매우 얇은 영역으로 나타난 부분은 이상치에 해당하는데, 이런 이상치까지 모두 분류하기 위해 분할한 결과 결정 기준 경계가 많아졌다.

# min_samples_leaf = 6 으로 설정한 Decision Tree의 학습과 결정 경계 시각화
dt_clf = DecisionTreeClassifier(min_samples_leaf=6).fit(X_features, y_labels)
visualize_boundary(dt_clf, X_features, y_labels)

default 값으로 실행한 앞선 경우보다 이상치에 크게 반응하지 않으면서 일반화된 분류 규칙에 의해 분류되었음을 확인할 수 있습니다.

Decision Tree의 과적합을 줄이기 위한 파라미터 튜닝

max_depth 를 줄여서 트리의 깊이 제한
min_samples_split 를 높여서 데이터가 분할하는데 필요한 샘플 데이터의 수를 높이기
min_samples_leaf 를 높여서 말단 노드가 되는데 필요한 샘플 데이터의 수를 높이기
max_features를 높여서 분할을 하는데 고려하는 feature의 수 제한

2. Decision Tree 실습 - 사용자 행동 인식 Dataset

사용자 행동 인식 Dataset

30명에게 스마트폰 센서를 장착한 뒤 사람의 동작과 관련된 여러 가지 피처를 수집한 데이터
수집된 피처 세트를 기반으로 어떠한 동작인지 예측

Dataset 설명

feature_info.txt 과 README.txt : 데이터 세트와 피처에 대한 간략한 설명
features.txt : 피처의 이름 기술
activity_labels.txt : 동작 레이블 값에 대한 설명

2-1.

import pandas as pd
import matplotlib.pyplot as plt
%matplotlib inline

import warnings
warnings.filterwarnings('ignore')

# 각 데이터 파일들은 공백으로 분리되어 있으므로 read_csv에서 공백문자를 sep으로 할당
feature_name_df = pd.read_csv('./human_activity/features.txt', sep='\s+',
                                header=None, names=['column_index', 'column_name'])
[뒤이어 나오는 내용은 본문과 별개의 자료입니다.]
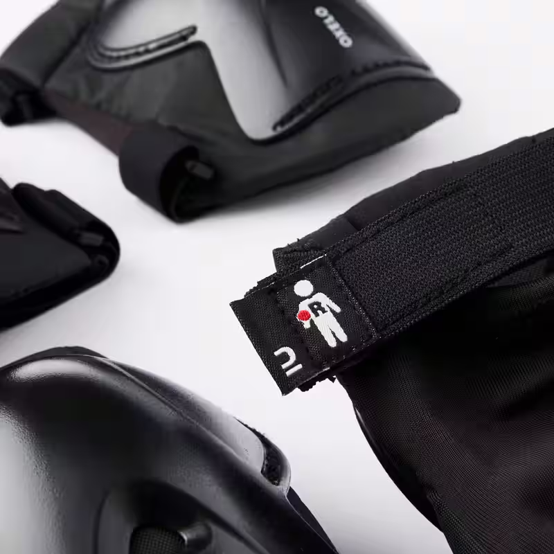Wear the wrist protector with the plastic shell over the palm of your hand. There are right (R) and left (L) markers on each wrist guard. So skating will help your child learn their left and right!

# 데이터프레임에 피처명을 컬럼으로 뷰여하기 위해 리스트 객체로 다시 반환 
feature_name = feature_name_df.iloc[:, 1].values.tolist()
print('전체 피처명에서 10개만 추출:', feature_name[:10])

[out]

전체 피처명에서 10개만 추출: ['tBodyAcc-mean()-X', 'tBodyAcc-mean()-Y', 'tBodyAcc-mean()-Z', 'tBodyAcc-std()-X', 'tBodyAcc-std()-Y', 'tBodyAcc-std()-Z', 'tBodyAcc-mad()-X', 'tBodyAcc-mad()-Y', 'tBodyAcc-mad()-Z', 'tBodyAcc-max()-X']

2-2.

feature_dup_df = feature_name_df.groupby('column_name').count()
print(feature_dup_df[feature_dup_df['column_index']>1].count())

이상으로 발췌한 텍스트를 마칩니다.